Bayesian evolutionary phylogenetic analysis

To evaluate the strength of the temporal signal, TempEst v1.5.3 was utilized to visualize the relationship between root-to-tip genetic distances for samples with known collection dates47. To date internal nodes of interest on the phylogeny, bayesian phylogenetic inference was performed using BEAST2 v2.6.5 on a recombination free alignment, removing samples with uncertain collection dates, and accounting for constant sites with beast2_constsites (https://github.com/andersgs/beast2_constsites)48. The HKY substitution model was selected based on evaluation of all possible substitution models in bModelTest v1.2.149. The random clock model was selected based on support by the marginal likelihood value using the Nested Sampling package v1.1.050. BEAST2 was run under a coalescent constant population model with a Markov chain Monte Carlo length of 1 x 108 sampling every 5 x 103 steps. Analyses were repeated five times to confirm consistency between the obtained posterior distributions. Parameter estimates were computed using Tracer v1.7.1. Posterior trees were combined with LogCombiner and summarized in TreeAnnotator after a 50% burn-in. The final MCC target tree was visualized in FigTree v1.4.4 (https://github.com/rambaut/figtree) and annotated using iTOL (https://itol.embl.de/).

List of Supplementary Materials

Table S1 - Isolate Metadata

Table S2 - All vs All SNP Comparison

Table S3 - Environmental Isolates

Table S4 - Antibiotic Susceptibility Testing

Table S5 - Prediction of variants in outbreak isolates

Table S6 - Resistome reference intrinsic alleles

Table S7 - Mutations in intrinsic genes associated with antibiotic resistance

Table S8 - Mutations in functional groups or pathways

Acknowledgements

The authors are thankful to all the staff of the MRSN and the clinical microbiology laboratory of the MRSN MTF network. Additionally, we would like to thank Dr. Madeline Galac for sharing insight on phylogenetic analysis using parsimony and Dr. Xavier Didelot for helpful discussions in predicting patient transmission events during bacterial outbreaks.
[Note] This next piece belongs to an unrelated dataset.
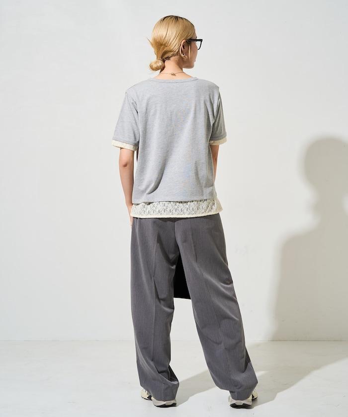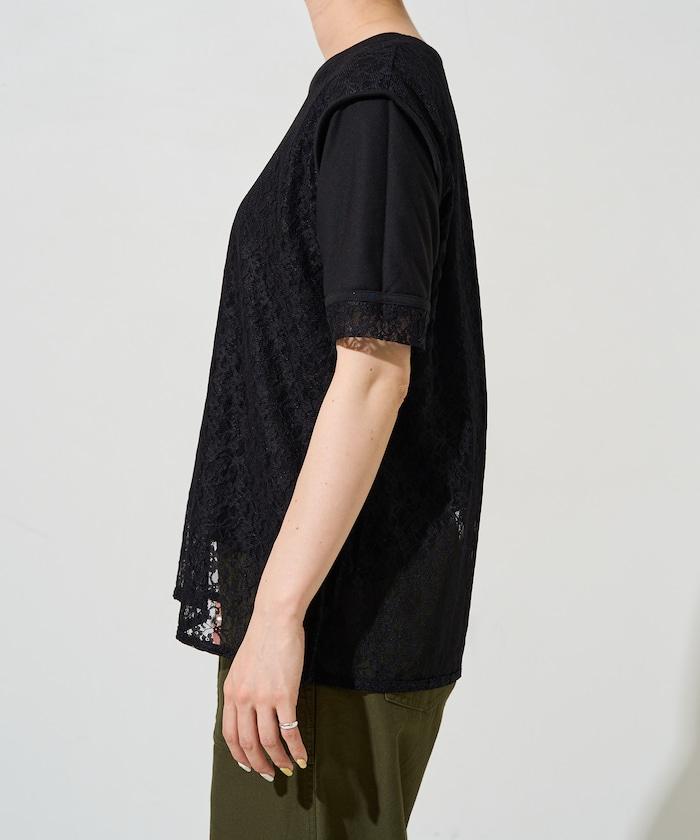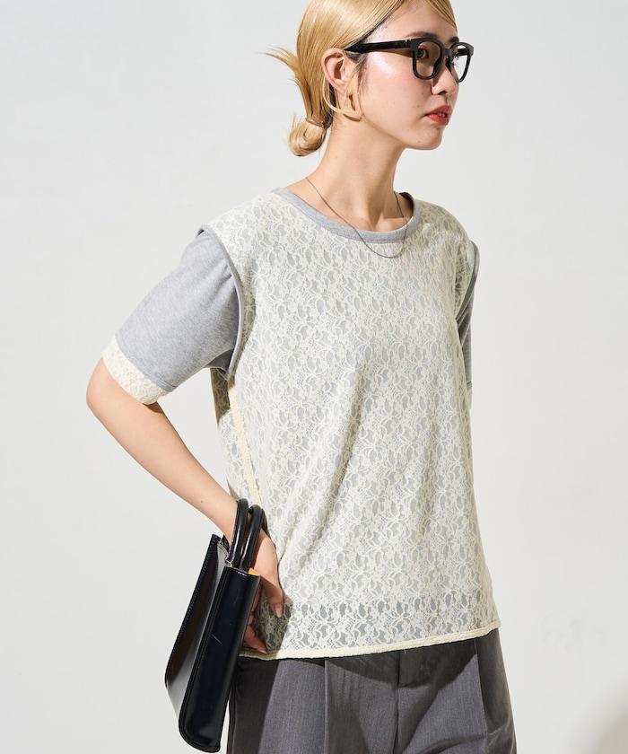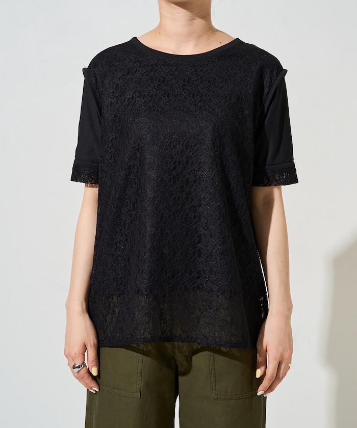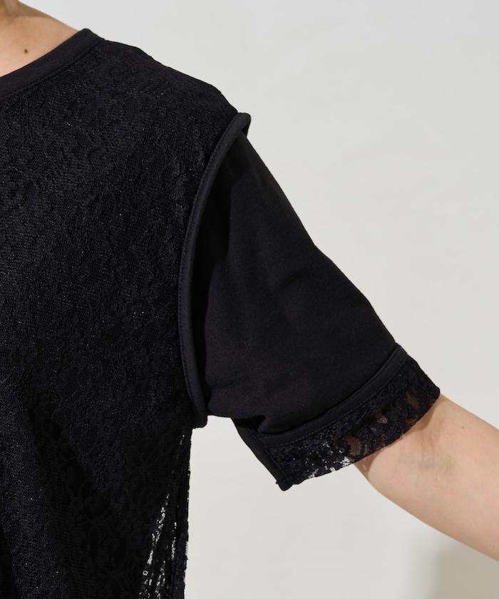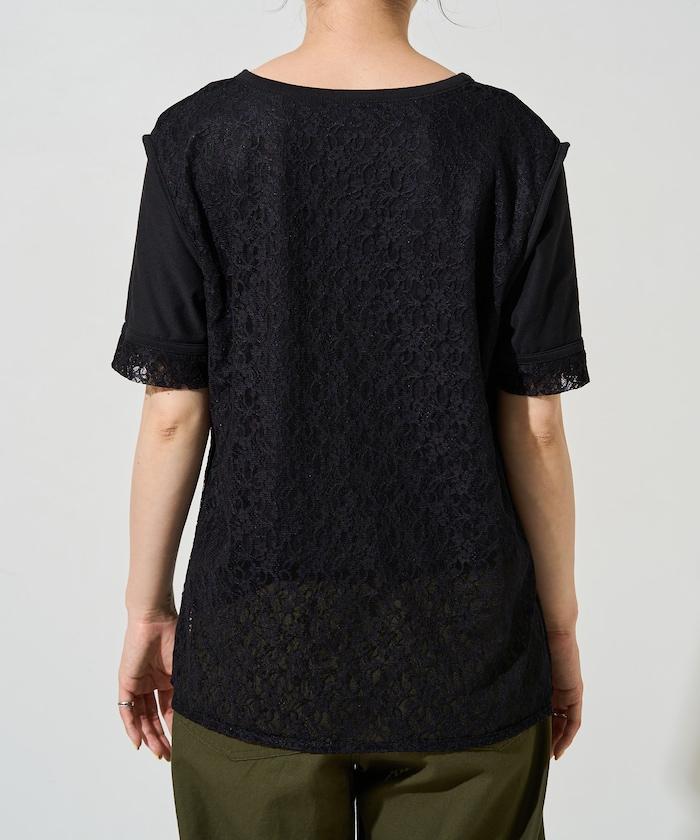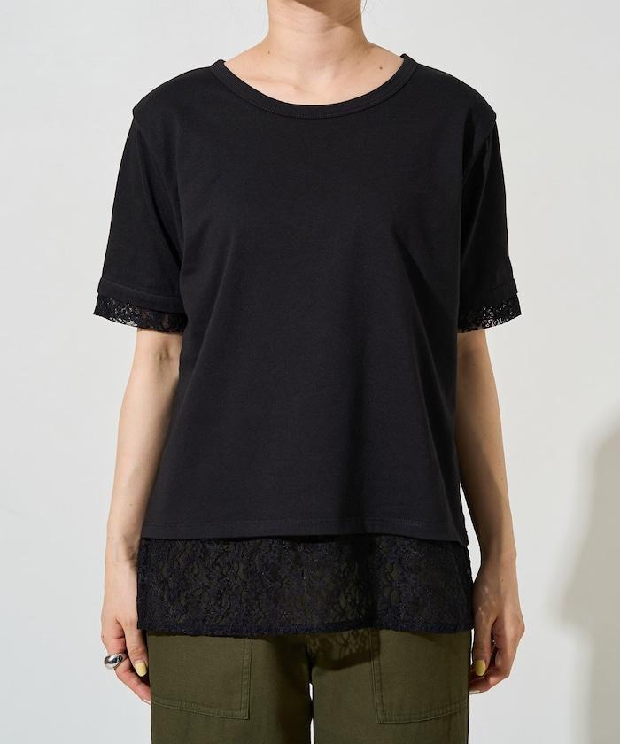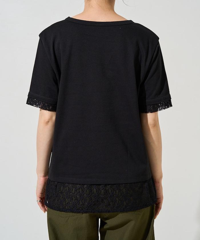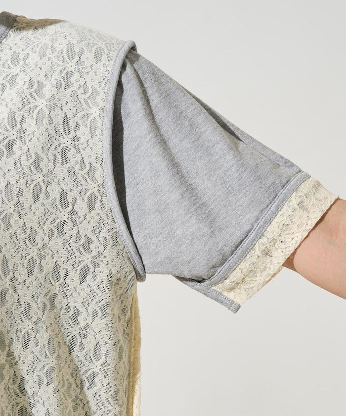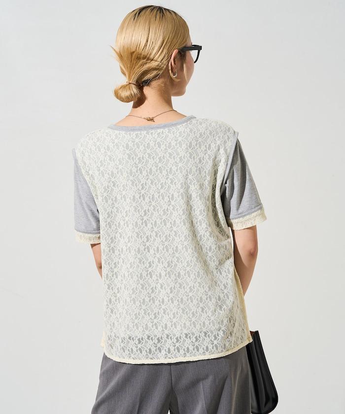 蕾絲拼接 分層 短袖 T恤(可反穿)

The manuscript has been reviewed by the Walter Reed Army Institute of Research and there is no objection to its presentation. The views expressed herein are those of the author(s) and do not necessarily reflect the official policy or position of the Defense Health Agency, Brooke Army Medical Center, the Department of Defense, nor any agencies under the U.S. Government.

Funding

This study was funded by the U.S. Army Medical command and the Defense Medical Research and Development Program. In addition, this study was partly funded by the Armed Forces Health Surveillance Division (AFHSD), Global Emerging Infections Surveillance (GEIS) Branch ProMIS P0079_22_WR. The funders have no role in the decision to publish or the preparation of this article.

Author Contributions

P.T.M and F.L. designed research; W.S., L.R.H, A.P., C.H., M.J.M, B.W.C., E.S., A.O., R.M., J.S., K.B., B.T.J, L.P., K.L., B.T., L.M.Y., Y.I.K., P.T.M. and F.L. performed research. W.S., L.R.H., C.H., E.S., J.W.B., P.T.M. and F.L. analyzed research; B.T., A.B., A.E.M, J.L.K, R.J.C., J.W.B. contributed clinical metadata and isolates. W.S., M.J.M, P.T.M and F.L. wrote the paper with input from all authors.

Data and materials availability

Both genomic assemblies and raw sequencing data of all isolates analyzed in this study are publicly available in the NCBI database under the BioProject number PRJNA8852179

Competing interests

The authors declare that they have no competing interests.

Minimum Spanning Trees of Pseudomonas aeruginosa cgMLST.

Isolates are color coded by facility, showing the 10 most prominent. (A) Includes all 5,129 Pseudomonas aeruginosa in the MRSN’s collection from 2011-2020. Clusters of isolates belonging to ST-235, -244, and -621 are indicated. (B) Includes all ST-621 isolates from 2011-2020. Genetic distances higher than 23 allelic differences are indicated.